Filmmaker Joseph Cedar has won awards and acclaim in Israel, Europe, and the United States, and has twice been a finalist for the Best Foreign Film Oscar. Yet the day before the Academy Awards, a Shabbat, he walked several miles to a media event and addressed the crowd from a seat to which a microphone had been affixed beforehand, while his fellow panelists used hand-held microphones. This might make him seem like an American Orthodox dream come true, yet Cedar himself often wonders if the same avenues would have been open to him had his parents not made aliyah in 1973, when he was five. He looks at American Orthodoxy and sees that it has largely given up on attempting this balancing act, either by leaving the religion to assimilate and pursue ambitions, or by withdrawing from the broader cultural and professional world into a more exclusivist religious environment. He credits his sense of balance to his parents and the environment they chose to raise their family: “Their move to Israel meant I grew up with a values system that turned out to be superior to the one I would have adopted had they not made aliyah.”

Cedar does not consider himself an oleh. Aliyah, implies choice, and, as he puts it, “Nobody asked me.” He does not even consider himself American-Israeli, as his social milieu growing up in Jerusalem’s Bayit Vegan neighborhood was almost entirely Hebrew-speaking. As Joseph and his five younger siblings grew up, even his parents’ home became Israeli. Yet American and world culture remained part and parcel of the home. “My parents exposed me to everything,” Joseph recalls, “not just American culture. The soundtrack of our house consisted of Broadway musicals, an American art form, but there were other things as well.”

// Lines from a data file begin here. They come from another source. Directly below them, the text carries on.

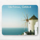 Watercolor-stil-bild av en kvarn kant vid kaldera i Oia på den grekiska ön Santorini
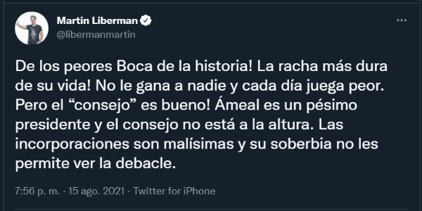 En ese contexto, quien apareció en escena para criticar de manera contundente a Boca fue Martín Liberman. El siempre picante periodista deportivo utilizó su cuenta oficial de Twitter para mostrarse extremadamente duro y filoso contra el Xeneize.
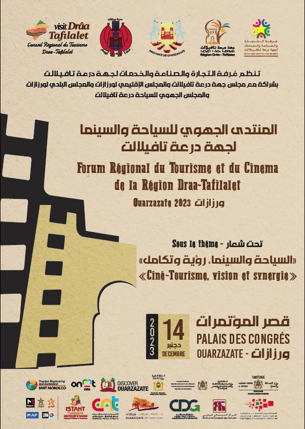 تستعد مدينة ورزازات لاحتضان فعاليات النسخة الأولى من المنتدى الجهوي حول السياحة والسينما، الذي تنظمه غرفة التجارة والصناعة والخدمات لجهة درعة تافيلالت، يوم الخميس 14 دجنبر 2023 بقصر المؤتمرات، بالتعاون مع مجموعة من الشركاء، وذلك تحت عنوان “القطاع السياحي والسينمائي، رؤية وتكامل”.
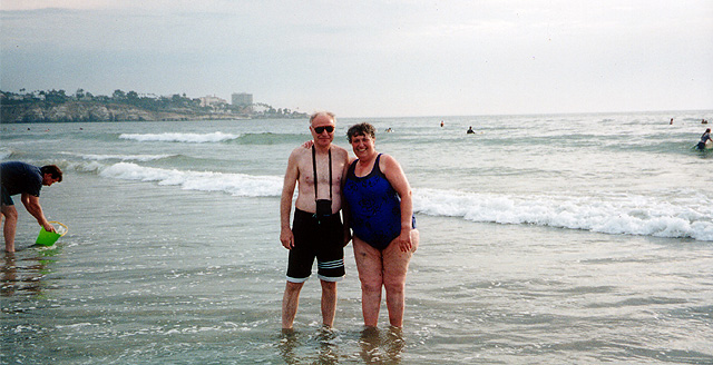 Ну вот, впечатлений осталось множество и очень приятных и не очень, но в целом все прекрасно и интересно. Мы безусловно довольны этой поездкой. Тем более, что на этом наши приключения не кончились. Мы еще много чего повидали и много где побывали. После посещения Wild Animal Park мы поехали на остров Coronado. Это сравнительно небольшой островок, на который ведет длиннющий мост прямо почти из центра Сан Диего. Остров известен тем, что на нем расположена военно-морская база, которая занимает большую половину острова и куда, естественно, свободный вход запрещен. А меньшая половина острова - это очаровательный гордок с разнообразной архитектурой очень богатых частных домов, большим количеством зелени и отличным пляжем, на котором мы не стали купаться - берегли себя до следующего пляжа - да как-то никто и не купался здесь, впрочем было не слишком-то и жарко. Городок - типично туристский центр, множество маленьких магазинчиков - но по-туристски дорогих, даже в одном турбюро Аркадий нашел служительницу, которая оформляла турпоездки в Россию и даже сама там бывала, но по-русски не говорила. Тем не менее как-то они друг друга поняли. Мы там погуляли по городу и по пляжу, посмотрели репетицию воздушного парада, который должен был состояться на следующий день по поводу праздника. Кстати, город по этому поводу был обильно украшен в основном американскими флагами и цветами. В центре было сооружено некое подобие сцены и рядов для зрителей, вроде как бывало у нас на Дворцовой во время парада, только в несколько раз поменьше. Правда, и городок - это не Ленинград (Петербург)! Потом мы там поели в небольшом кафе - довольно вкусно - и двинулись дальше по маршруту. В этом кафе запомнилась одна девчушка, лет этак меньше полутора. В длинном модном платье, с модной косынкой на головке, она на нетвердых ножках бродила по кафе, заходя иногда под столы, а иногда стукаясь об их край и, что самое замечательное - с огромной соской во рту! Она - соска - как-будто залепляла ей рот. Это был просто блеск! Очень она была самостоятельная. Мама при этом сидела в компании друзей за одним из столиков и обращала внимание на дочку только тогда, когда она норовила выйти из кафе на улицу. Уже было довольно много времени, а мы обещали вернуться в Лос Анжелес часам к 9 вечера, как раз, когда должен был прилететь Женька. На дорогу нам надо было оставить часа 2 или около того. А следующим пунктом маршрута был небольшой городок по имени La Jolla - почему-то по-русски он называется Лахойя. Нам посоветовали заехать туда, посмотреть сказочный небольшой городок с великолепным пляжем и обязательно покупаться в океане. Это была еще одна моя мечта - искупаться, наконец, в океане, потому что в Сан Франциско купаться просто невозможно, там ужасно холодная вода. Вот так и получилось, что уже 2,5 года мы здесь живем, много раз бывали на берегу океана, но ни разу еще не купались. Естественно, что мы не могли проехать мимо такого заманчивого места. Но оказалось, что к каждой поездке все-таки надо готовиться, по крайней мере заранее смотреть карту, а не пытаться ориентироваться на ходу. Потому получилось, что мы-таки попали на отличный пляж, прекрасно искупались, наконец! в океане, но городок, тот самый сказочный, не видели, потому что пляж несколько в стороне от города. Но купание было просто замечательным: огромные волны, в которые н

Though he envisions a primarily Israeli audience when he makes his films, he acknowledges that this exposure, plus the additional years Joseph spent living in the US – as a student at NYU and when his father, a renowned molecular biologist, was on sabbatical – helped him consider a broader audience. His first two films (“Time of Favor”, 2000, and “Campfire”, 2004) explore aspects of the religious Zionist culture in which he was raised. They were acclaimed in Israel, but registered mild interest outside. His third film (“Beaufort”, 2007) examined the futility of Israel’s military presence in Lebanon. It won awards at major international film festivals. “Footnote” (2011), Cedar’s most acclaimed film, to date, is set in Hebrew University’s Talmud department and depicts the petty rivalries, competing theories, and sense of futility that characterize arcane academic disciplines. It won the award for best screenplay at Cannes and, like “Beaufort”, was an Oscar finalist.

Cedar made aliyah young enough to become a full-fledged, unhyphenated Israeli, a home-grown insider, but one who has been enriched by the culture, values, and religious sensibilities of his parents’ home. In this vein, he reminds us that the most profound way that Anglo olim make a difference in Israel is through their children and unborn generations who will be part of the Jewish future in the Jewish state.